Note that we need to update the `depth` of each inserted node. To do so, we add `1` to the current node’s depth when we insert a node as a left or right child.

Let’s implement this `.insert()` method!

### Instructions

1.

Define a method, `.insert()`, with the parameters `self` and `value`, below the constructor method.

The method is not doing anything yet, so fill it with a `pass` statement.

2.

We want to know where to place the target value. If the target value is less than the root node’s value, we will need to place it in the `left` child node. Before doing so, we need to check if the `left` child node does not exist.
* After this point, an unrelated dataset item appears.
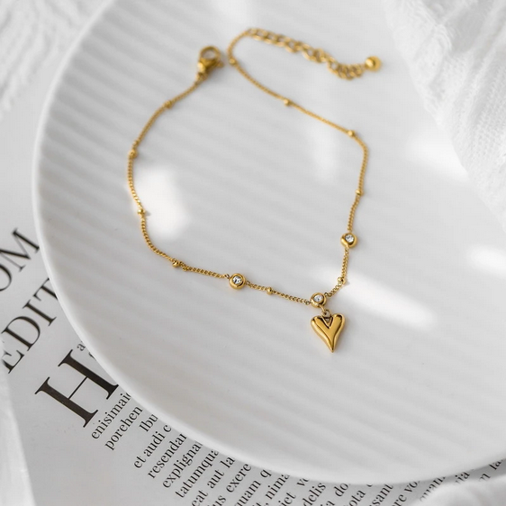 Złota Bransoletka na Kostkę Serduszko i Cyrkonie – Stal Szlachetna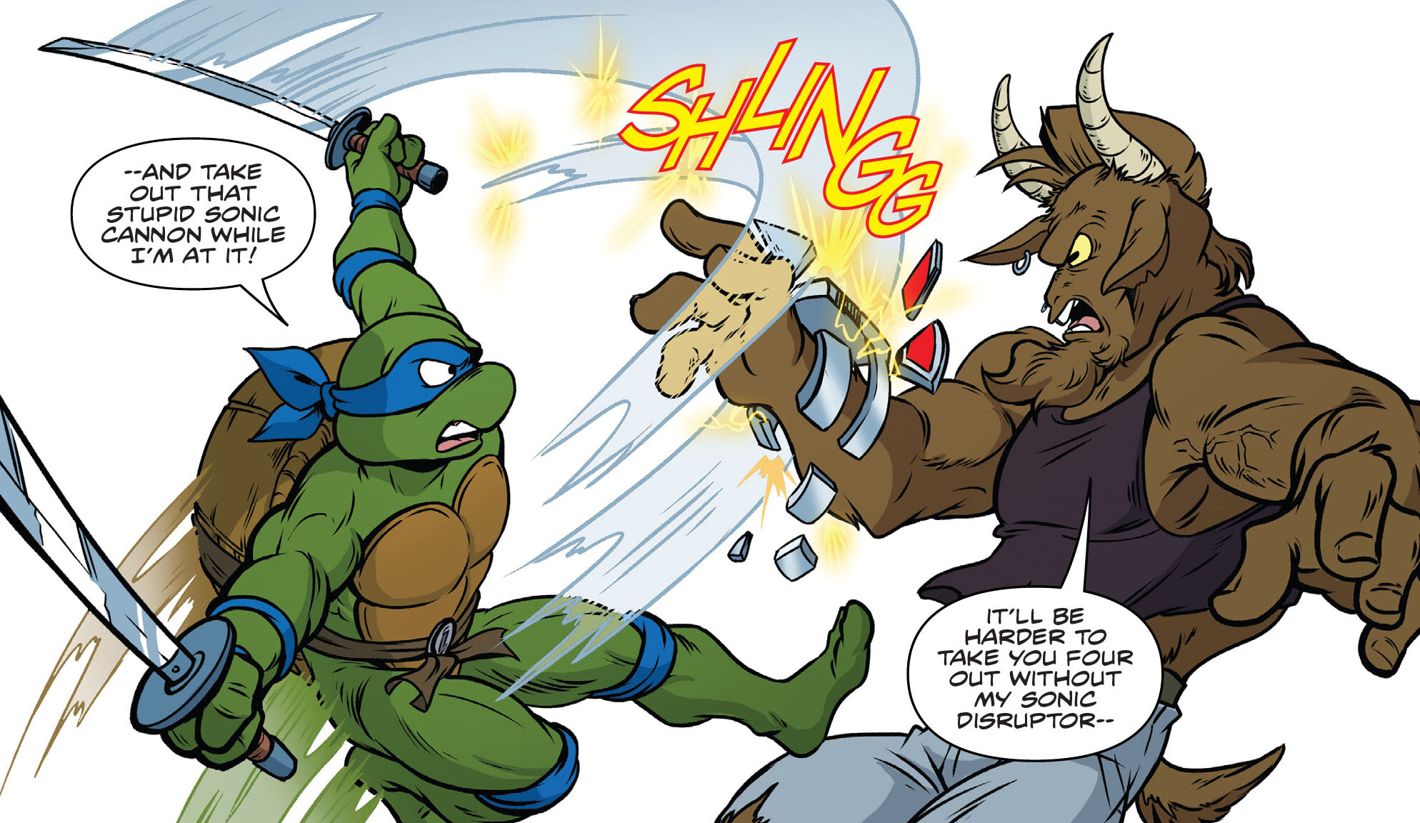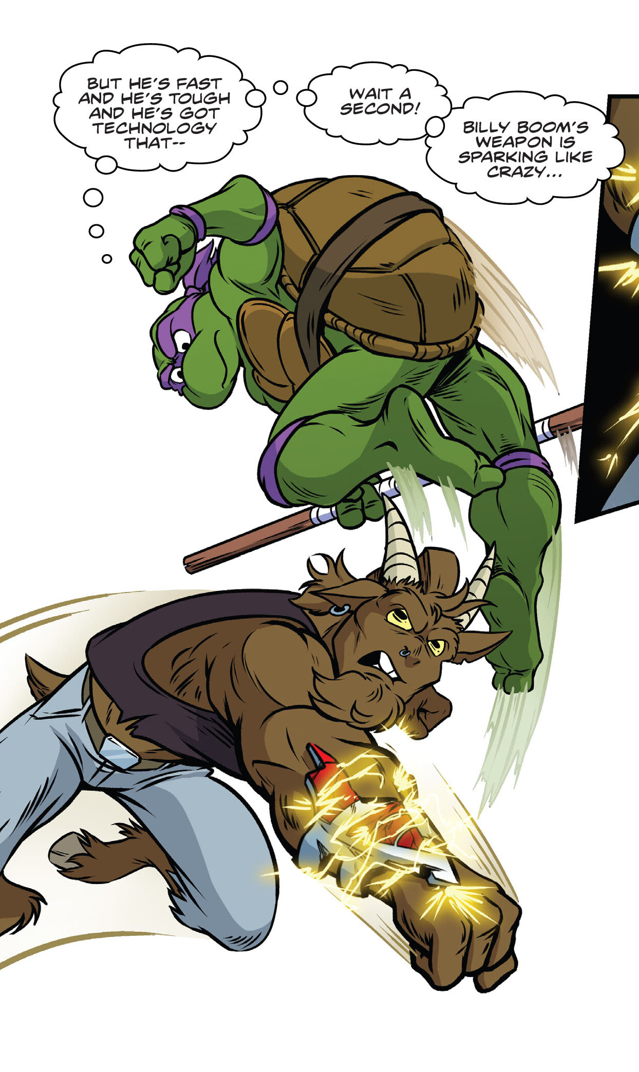 À New York, les quatre frères se battaient contre un nouveau mutant fraîchement arrivé, Billy Boom, la chèvre. Sur son poignet se trouvait un canon sonique qui donnait du fil à retordre aux ninjas. Leonardo, de son sabre, parvenait à l’endommager. Manque de chance pour les guerriers à écailles, Billy était également très adroit de sa tête et les assommait. Il ne restait bientôt plus que Donatello encore debout. Le génie cherchait à ruser. Esquivant les attaques du capriné, il voyait son appareil sonique provoquer des étincelles. Il envoyait un shuriken dessus, ce qui provoquait une surcharge et électrisait la chèvre. Billy Boom était vaincu.

If it does not exist, we will add another level to our Binary Search Tree by creating a `left` `BinarySearchTree` with the target value and a `depth` one more than the root node. If the `left` child node does exist, we will recursively call the `.insert()` method for the left child node.

Remove the `pass` statement inside the `.insert()` method, and write an `if` statement that checks if the target value is less than the root node’s value. If so, we want to place this on the left side of the tree.

• Nest an `if` statement that checks if a `left` child node does not exist (or is `None`). If it does not exist, instantiate a `BinarySearchTree` with the target `value` and a `depth` one greater than `self.depth`, and assign it to `self.left`.
• Right after this `if` block, add an `else` block, also nested in the outer `if`. This `else` code executes if a `left` child already exists. Inside the `else`, call the `.insert()` method for the left child node passing the target `value` as the argument.
3.

Alternatively, if the target value is not less than the root node’s value, we will place it in the `right` child node. Before doing so, we need to check if a `right` child node does not exist. If no `right` child node exists, we will add another level to our Binary Search Tree by creating a `right` `BinarySearchTree` with the target value and a depth one more than the root node. If it does exist, we will call the `.insert()` method of the right child node.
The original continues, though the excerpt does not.